EXERCISE INPUT Block Start
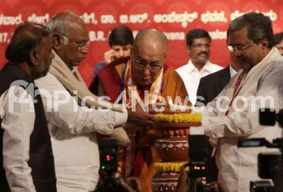 Photo Caption : Tibetan spiritual Dalai Lama with CM Siddaramaiah, Congress Leader Mallikarjuna Kharge, Minister Anjaneya and others inaugurated the State Level Seminar on Social Justice and Dr BR Ambedkar at Amabedkar Bhavan, organised by Dept of Social Welfare, in Bengaluru on Tuesday 23rd May 2017
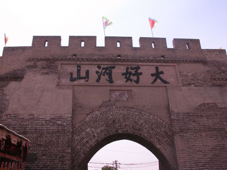 大境門門墻高12米,底長(zhǎng)13米,寬9米,有木質(zhì)鐵皮大門兩扇。門楣上“大好河山”四個(gè)大字由當(dāng)時(shí)的察哈爾都統(tǒng)高維岳書寫。
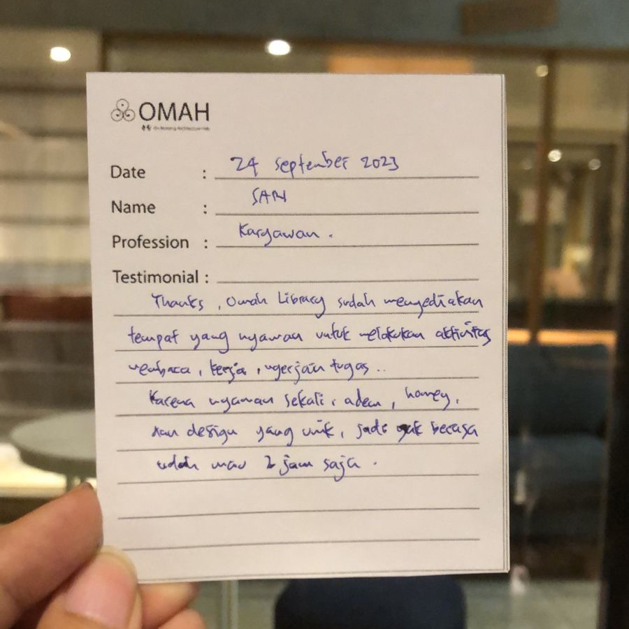 Thanks Omah Library sudah menyediakan tempat yang nyaman untuk melakukan aktivitas membaca, kerja, ngerjain tugas…karena nyaman sekali, adem, homey, dan design yang unik, jadi gak berasa udah mau 2 jam saja.
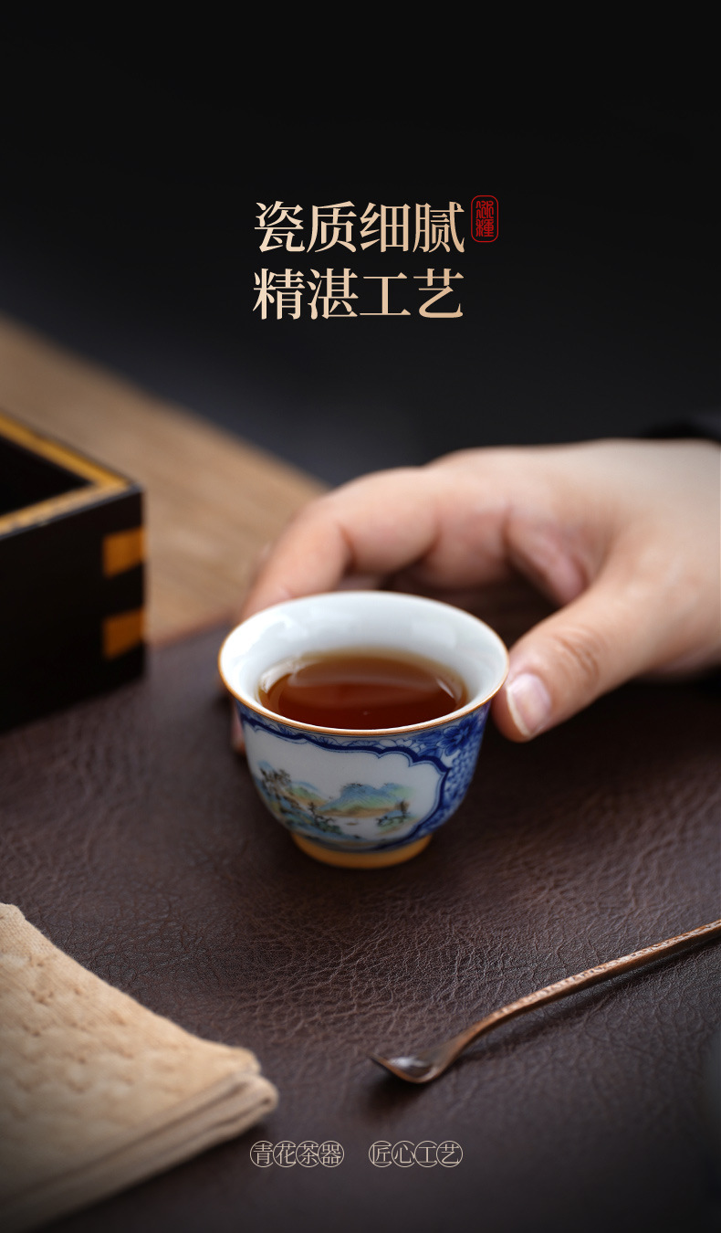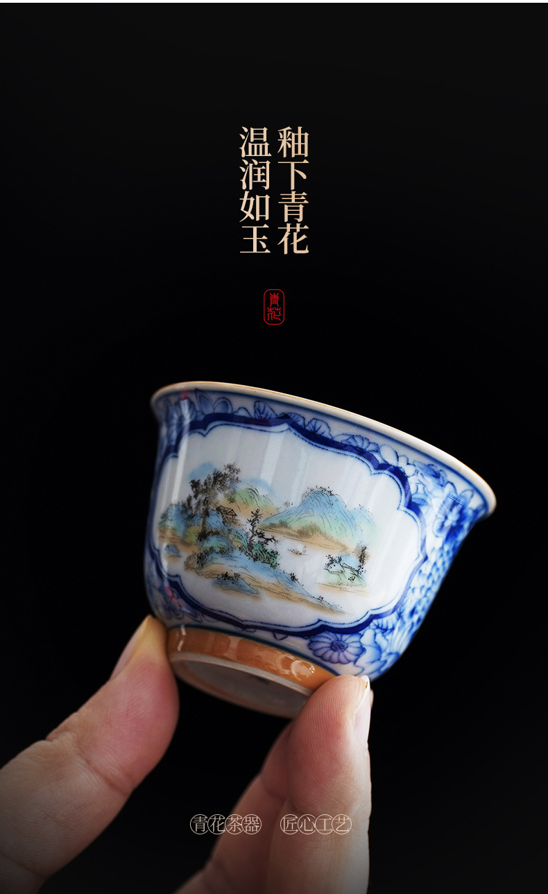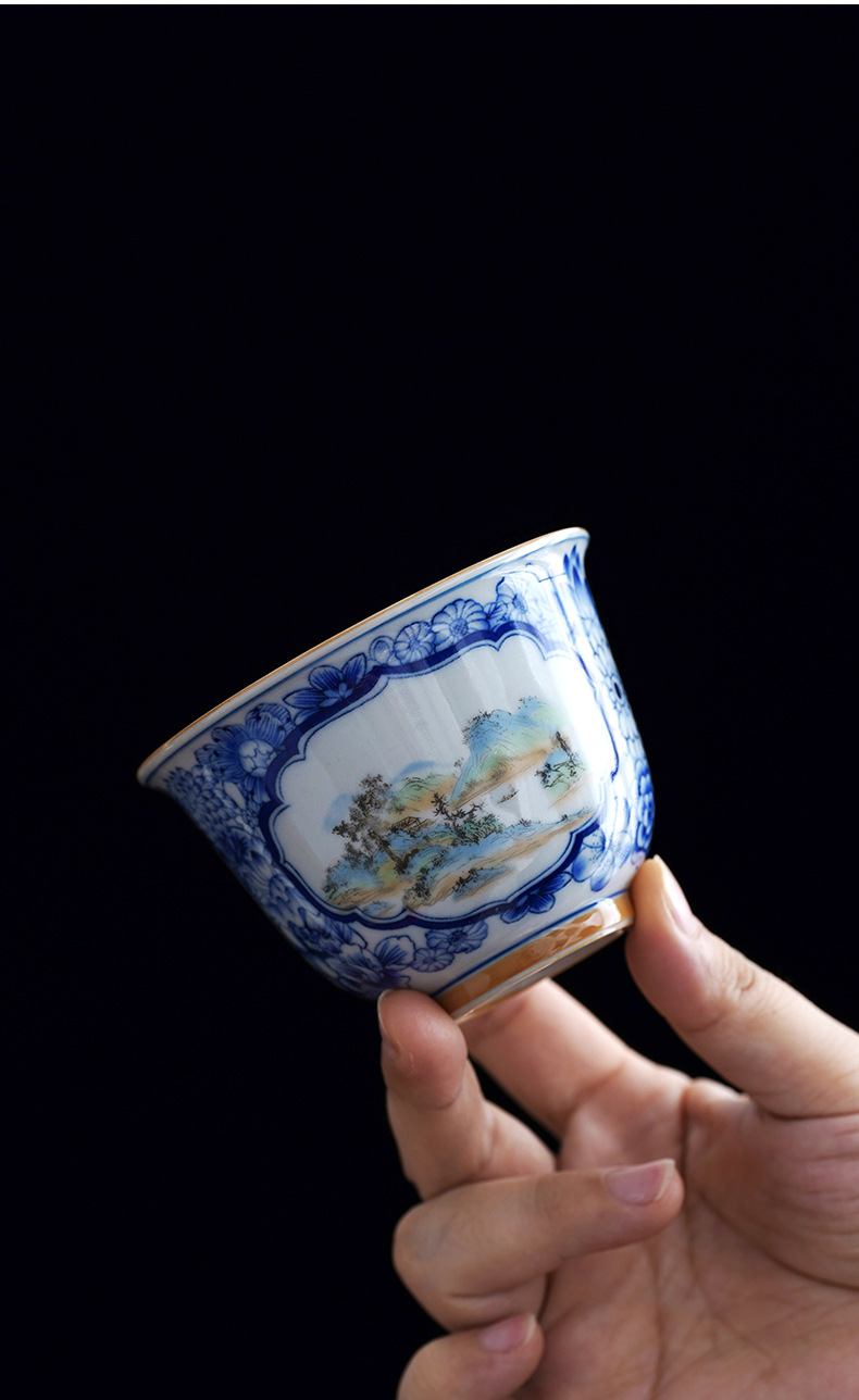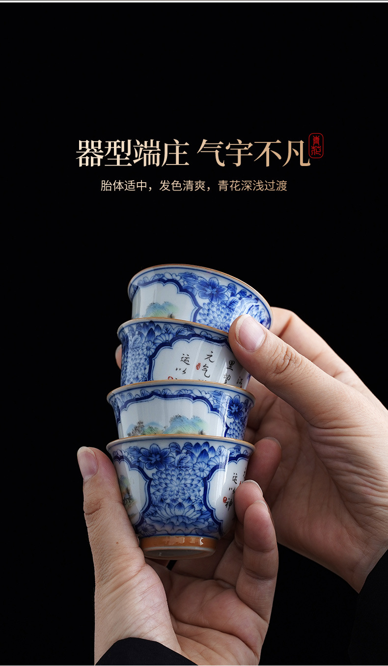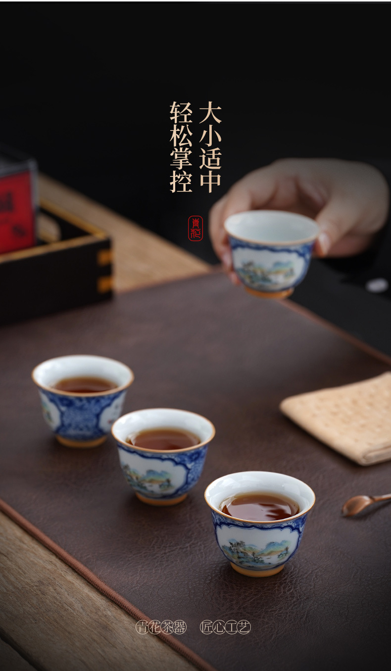 - Cốc trà phong cảnh cửa sổ mở màu xanh và trắng, bộ trà Kung Fu chuyên dụng cá nhân cao cấp, cốc trà gốm sứ, cốc uống trà, cốc đơn
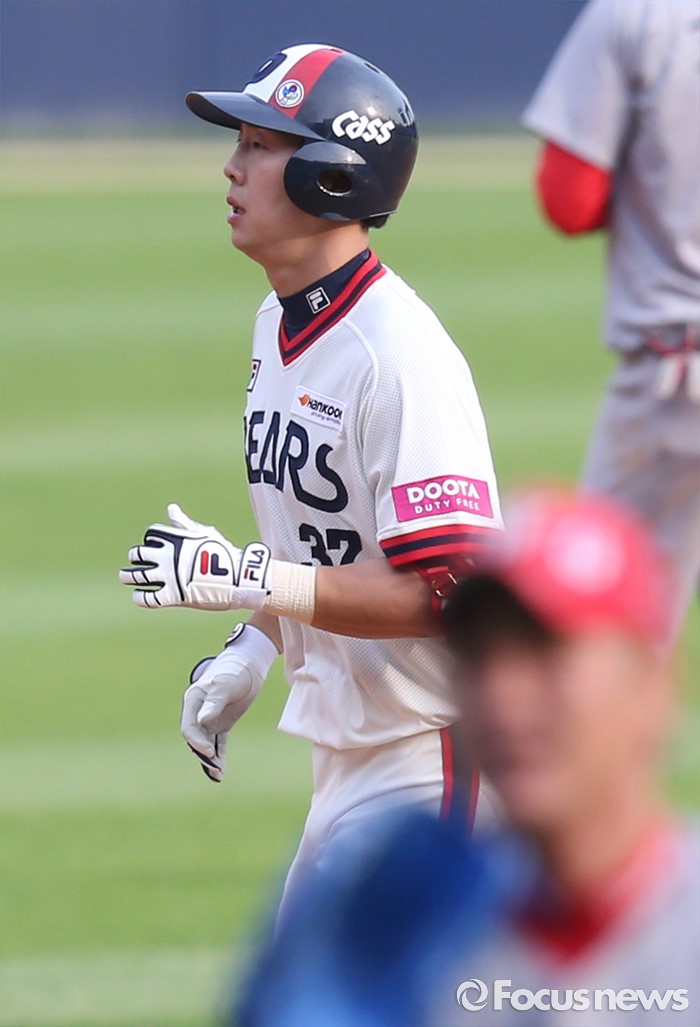 (서울=포커스뉴스) 5일 서울 잠실구장에서 열린 2016프로야구 SK-두산 경기 3회말 두산 선두타자 박건우가 좌월 솔로 홈런을 치고 베이스를 돌고 있다.
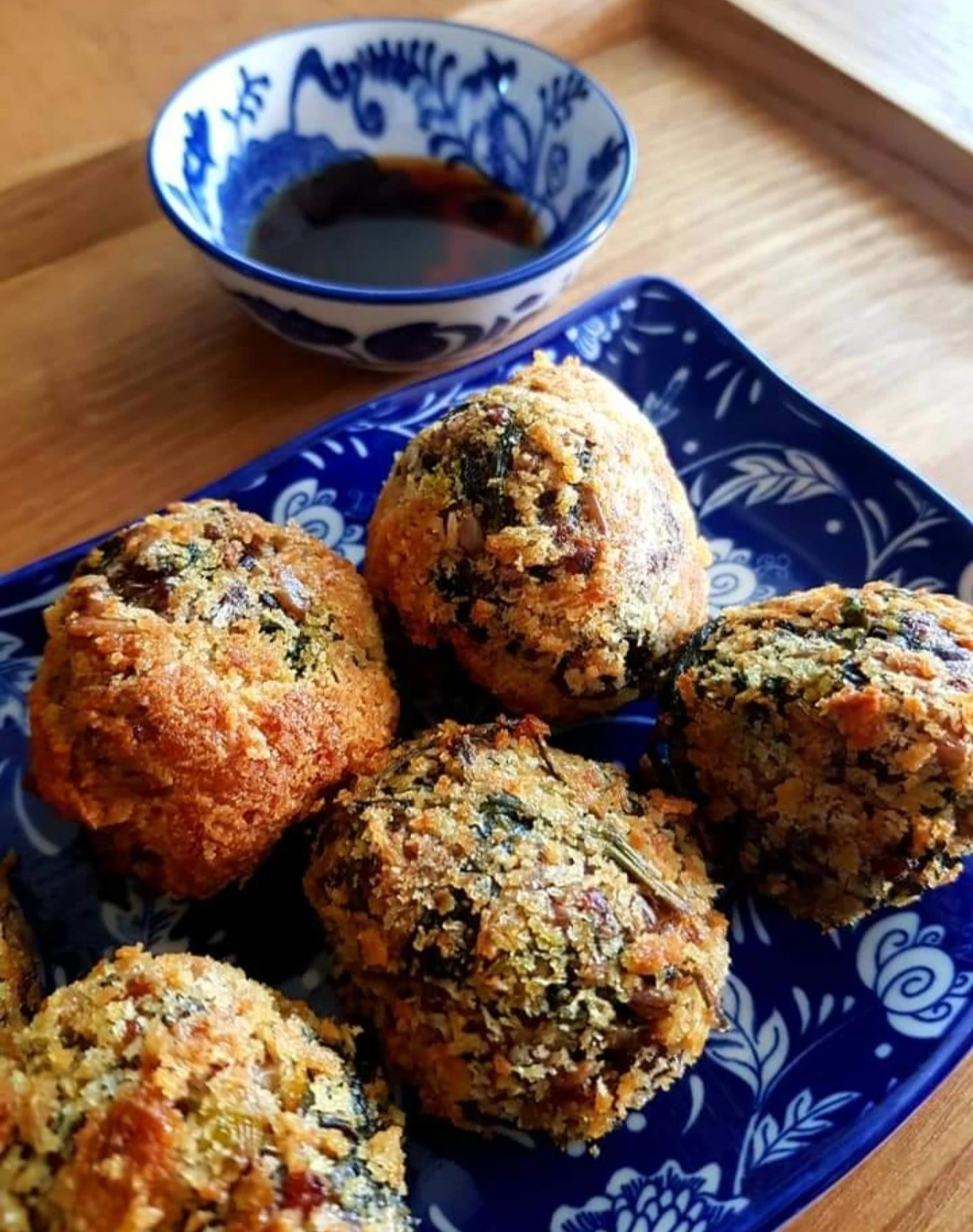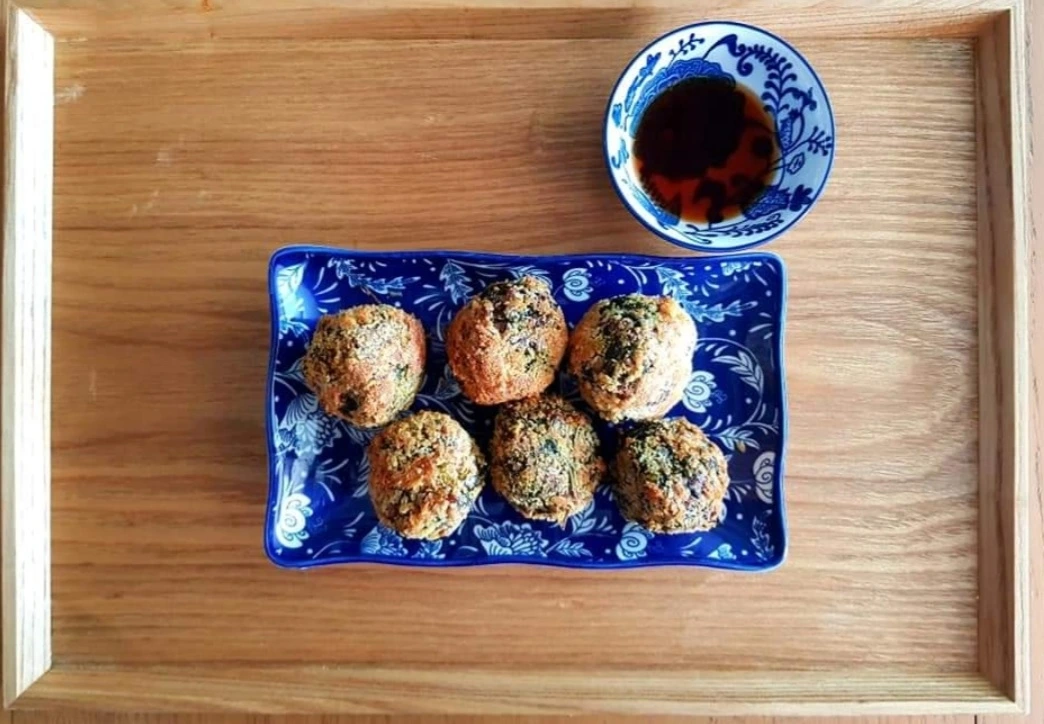 들기름 넣고 동글 동글하고 작은 주먹밥 만들어 계란, 빵가루 입히고 에어프라이어에 굽는다.
EXERCISE INPUT Block End
*WORK ORDER*. Nothing but the lines from the one containing "- Cốc trà phong" through the last line of the material may appear in the answer, transcribed exactly and with no pictures.

*ANSWER SECTION*.
 - Cốc trà phong cảnh cửa sổ mở màu xanh và trắng, bộ trà Kung Fu chuyên dụng cá nhân cao cấp, cốc trà gốm sứ, cốc uống trà, cốc đơn
 (서울=포커스뉴스) 5일 서울 잠실구장에서 열린 2016프로야구 SK-두산 경기 3회말 두산 선두타자 박건우가 좌월 솔로 홈런을 치고 베이스를 돌고 있다.
 들기름 넣고 동글 동글하고 작은 주먹밥 만들어 계란, 빵가루 입히고 에어프라이어에 굽는다.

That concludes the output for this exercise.